Problem:
Copy every record below exactly as written, but leave out the pictures.

[Records from a data source]

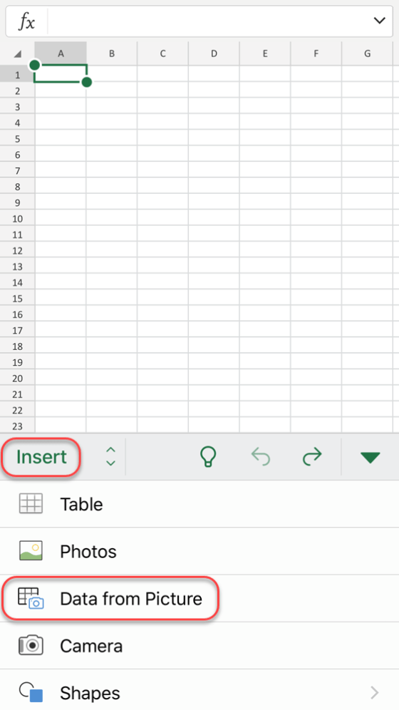 Using the Data In Picture feature in the Excel mobile app
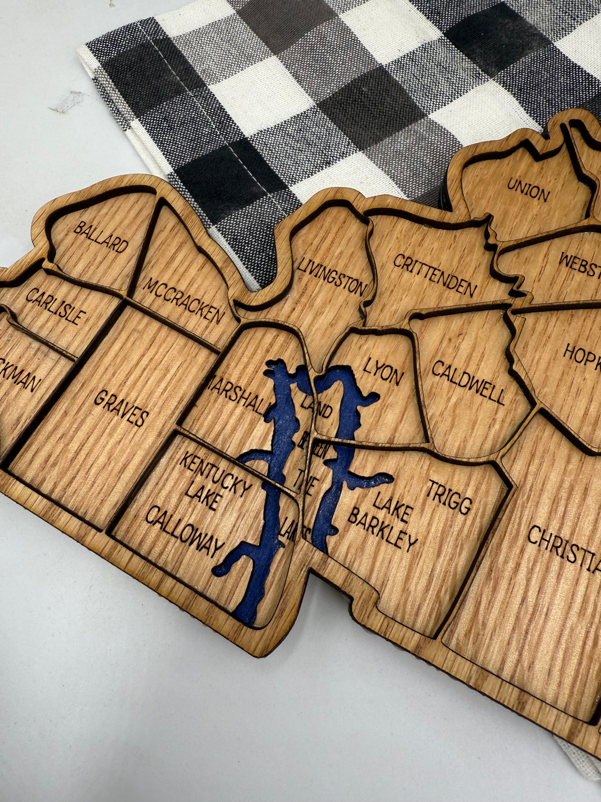 Show your Kentucky pride with this beautifully detailed laser cut and engraved wooden Kentucky county map. Each county is carefully outlined and engraved into natural wood with major lakes cut out and showing the blue back layer, creating a stunning piece of wall art that celebrates the Bluegrass State.
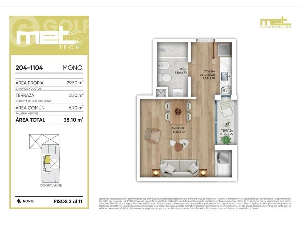 Venta de Monoambiente en Cordón – Moderno, funcional y con terraza Excelente oportunidad para vivir o invertir en una de las zonas con mayor crecimiento de Montevideo. Este monoambiente cuenta con: Cocina semi integrada Baño completo Terraza privada Ubicado en un edificio de 13 pisos con 93 apartamentos, diseñado con arquitectura contemporánea,  equipamiento exclusivo y espacios que se adaptan a tu estilo de vida.  Los amenities han sido pensados como una extensión de tu hogar, brindando confort y funcionalidad en cada rincón. Tecnología y confort en cada detalle: Acceso al edificio mediante reconocimiento facial Cargadores para autos eléctricos Domótica integrada en todas las unidades WiFi en áreas comunes Control de acceso digital en cada apartamento Proyecto amparado por la Ley de Vivienda Promovida (N.º 18.795), con importantes beneficios fiscales para los compradores. Gastos de ocupación: 4% Comisión inmobiliaria: 3% + IVA INMOBILIARIA GOLF Afiliados a Cámara Inmobiliaria Uruguaya
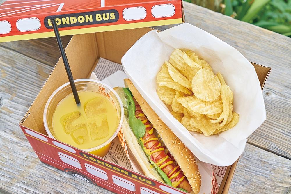 ホットドッグにドリンクやポテトチップが付くバスボックスセット(¥1,000)
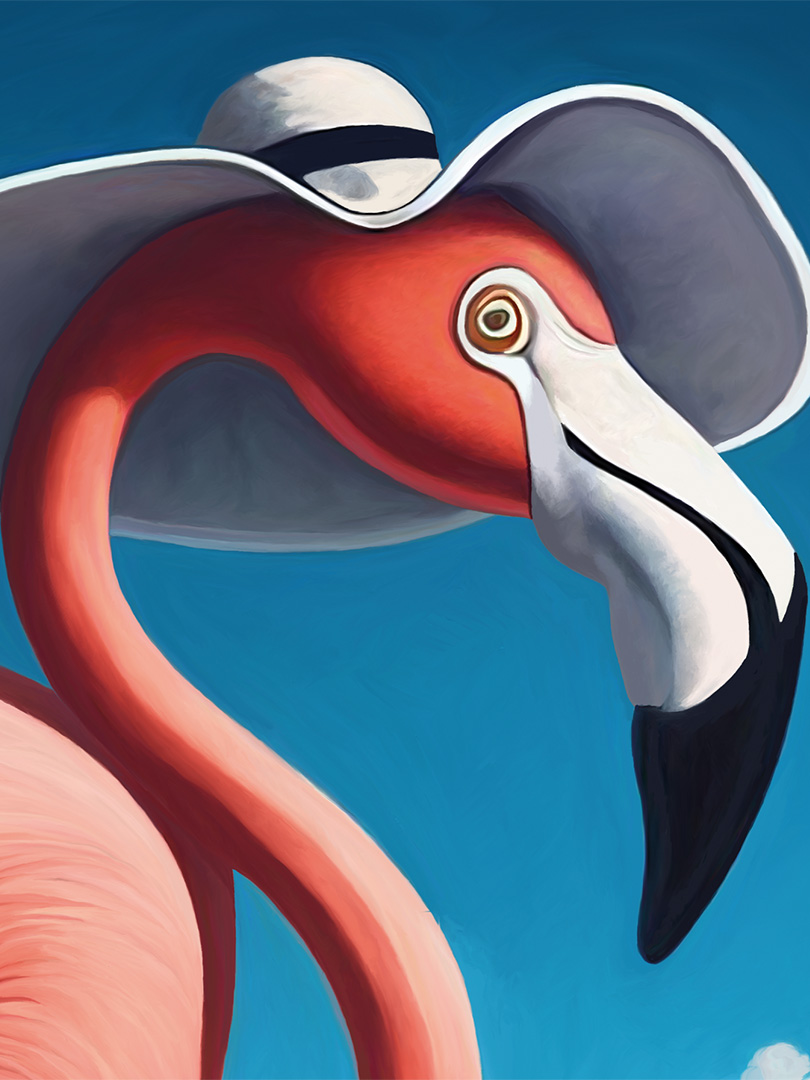 Rencontre onirique du flamant rose et de la dame au chapeau
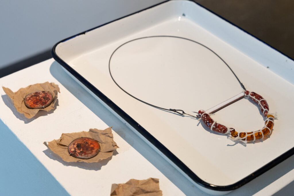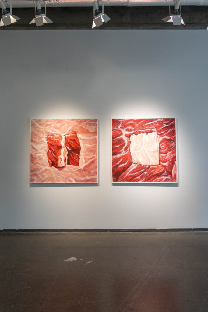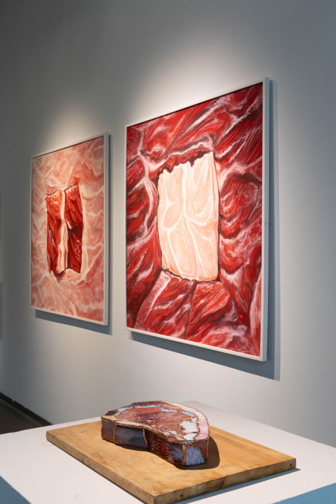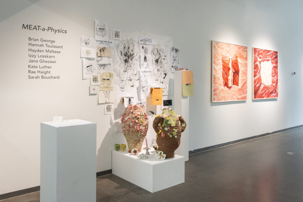 With a pattern of spatial organization that resembles the key elements of the contemporary domestic home, and visual content to match, MEAT-a-physics invites audiences to come in and stay for a while as they ponder and explore what the experienced idea of home living means to them, what it has meant for others before them, and what it will mean for those in the future. Calling on meat and the domestic object as a functional symbol for the individual, artists Brian George, Hannah Touissant, Hayden Maltese, Izzy Losskarn, Jana Ghezawi, Kate Luther, Rae Haight, and Sarah Bouchard put forth a visually diverse exhibition which calls on the viewer to reflect broadly across multiple lines of inquiry related to the conceptual interpretation of Western domesticity. MEAT-a-physics includes a collaborative art-lexicon created by the participating artists, which references ancient civilization glyph systems of language, for the purpose of providing audiences with a tangible and accessible description of the use of symbols across each artists’ work in the exhibition. Lexicons will be provided at the entrance for viewers to investigate and decode the ensemble of personal mythologies, social and cultural relationships, and the metaphysics of domesticity as they navigate throughout the gallery space and the world around them.
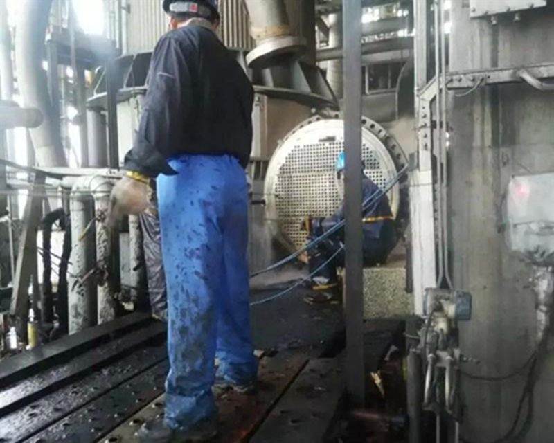 4、在对传热管进行清洗要时刻观察高压水的除垢能力,达到除垢要求后,就停止清洗水的增压工作,在移动高压管时要紧握住缓慢移动,可以对传热管进行反复清洗直到内部污垢全部脱落,然后进行减压排水对传热管进行逐根冲洗。
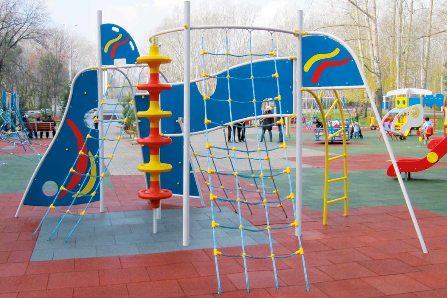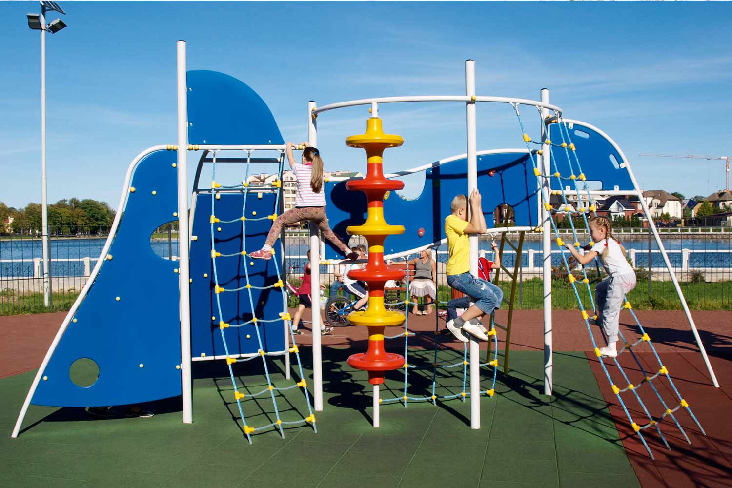 В составе комплекса: 4 столба, 3 альпинистские стенки с зацепами, 3 полипропиленовые сетки для лазания, дугообразная лестница, вертикальный шест с колесами.
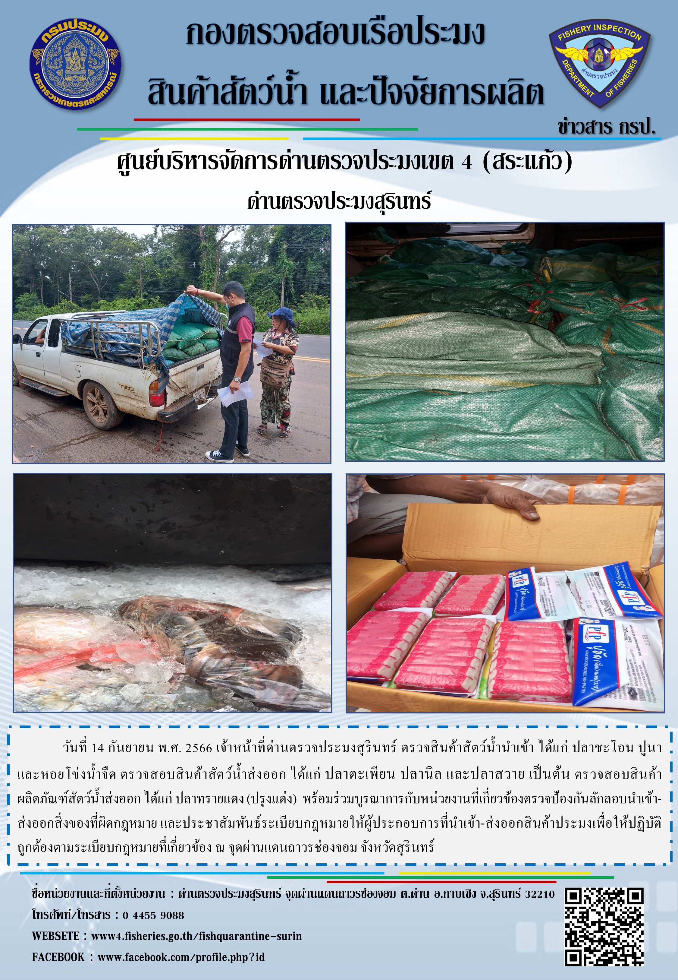 วันที่ 14 กันยายน พ.ศ. 2566 เจ้าหน้าที่ด่านตรวจประมงสุรินทร์ ตรวจสินค้าสัตว์น้ำนำเข้า ได้แก่ ปลาชะโอน ปูนา และหอยโข่งน้ำจืด ตรวจสอบสินค้าสัตว์น้ำส่งออก ได้แก่ ปลาตะเพียน ปลานิล และปลาสวาย เป็นต้น ตรวจสอบสินค้าผลิตภัณฑ์สัตว์น้ำส่งออก ได้แก่ ปลาทรายแดง (ปรุงแต่ง) พร้อมร่วมบูรณาการกับหน่วยงานที่เกี่ยวข้องตรวจป้องกันลักลอบนำเข้า-ส่งออกสิ่งของที่ผิดกฎหมาย และประชาสัมพันธ์ระเบียบกฎหมายให้ผู้ประกอบการที่นำเข้า-ส่งออกสินค้าประมงเพื่อให้ปฏิบัติถูกต้องตามระเบียบกฎหมายที่เกี่ยวข้อง ณ จุดผ่านแดนถาวรช่องจอม จังหวัดสุรินทร์

Reply:
 Using the Data In Picture feature in the Excel mobile app
 Show your Kentucky pride with this beautifully detailed laser cut and engraved wooden Kentucky county map. Each county is carefully outlined and engraved into natural wood with major lakes cut out and showing the blue back layer, creating a stunning piece of wall art that celebrates the Bluegrass State.
 Venta de Monoambiente en Cordón – Moderno, funcional y con terraza Excelente oportunidad para vivir o invertir en una de las zonas con mayor crecimiento de Montevideo. Este monoambiente cuenta con: Cocina semi integrada Baño completo Terraza privada Ubicado en un edificio de 13 pisos con 93 apartamentos, diseñado con arquitectura contemporánea,  equipamiento exclusivo y espacios que se adaptan a tu estilo de vida.  Los amenities han sido pensados como una extensión de tu hogar, brindando confort y funcionalidad en cada rincón. Tecnología y confort en cada detalle: Acceso al edificio mediante reconocimiento facial Cargadores para autos eléctricos Domótica integrada en todas las unidades WiFi en áreas comunes Control de acceso digital en cada apartamento Proyecto amparado por la Ley de Vivienda Promovida (N.º 18.795), con importantes beneficios fiscales para los compradores. Gastos de ocupación: 4% Comisión inmobiliaria: 3% + IVA INMOBILIARIA GOLF Afiliados a Cámara Inmobiliaria Uruguaya
 ホットドッグにドリンクやポテトチップが付くバスボックスセット(¥1,000)
 Rencontre onirique du flamant rose et de la dame au chapeau
 With a pattern of spatial organization that resembles the key elements of the contemporary domestic home, and visual content to match, MEAT-a-physics invites audiences to come in and stay for a while as they ponder and explore what the experienced idea of home living means to them, what it has meant for others before them, and what it will mean for those in the future. Calling on meat and the domestic object as a functional symbol for the individual, artists Brian George, Hannah Touissant, Hayden Maltese, Izzy Losskarn, Jana Ghezawi, Kate Luther, Rae Haight, and Sarah Bouchard put forth a visually diverse exhibition which calls on the viewer to reflect broadly across multiple lines of inquiry related to the conceptual interpretation of Western domesticity. MEAT-a-physics includes a collaborative art-lexicon created by the participating artists, which references ancient civilization glyph systems of language, for the purpose of providing audiences with a tangible and accessible description of the use of symbols across each artists’ work in the exhibition. Lexicons will be provided at the entrance for viewers to investigate and decode the ensemble of personal mythologies, social and cultural relationships, and the metaphysics of domesticity as they navigate throughout the gallery space and the world around them.
 4、在对传热管进行清洗要时刻观察高压水的除垢能力,达到除垢要求后,就停止清洗水的增压工作,在移动高压管时要紧握住缓慢移动,可以对传热管进行反复清洗直到内部污垢全部脱落,然后进行减压排水对传热管进行逐根冲洗。
 В составе комплекса: 4 столба, 3 альпинистские стенки с зацепами, 3 полипропиленовые сетки для лазания, дугообразная лестница, вертикальный шест с колесами.
 วันที่ 14 กันยายน พ.ศ. 2566 เจ้าหน้าที่ด่านตรวจประมงสุรินทร์ ตรวจสินค้าสัตว์น้ำนำเข้า ได้แก่ ปลาชะโอน ปูนา และหอยโข่งน้ำจืด ตรวจสอบสินค้าสัตว์น้ำส่งออก ได้แก่ ปลาตะเพียน ปลานิล และปลาสวาย เป็นต้น ตรวจสอบสินค้าผลิตภัณฑ์สัตว์น้ำส่งออก ได้แก่ ปลาทรายแดง (ปรุงแต่ง) พร้อมร่วมบูรณาการกับหน่วยงานที่เกี่ยวข้องตรวจป้องกันลักลอบนำเข้า-ส่งออกสิ่งของที่ผิดกฎหมาย และประชาสัมพันธ์ระเบียบกฎหมายให้ผู้ประกอบการที่นำเข้า-ส่งออกสินค้าประมงเพื่อให้ปฏิบัติถูกต้องตามระเบียบกฎหมายที่เกี่ยวข้อง ณ จุดผ่านแดนถาวรช่องจอม จังหวัดสุรินทร์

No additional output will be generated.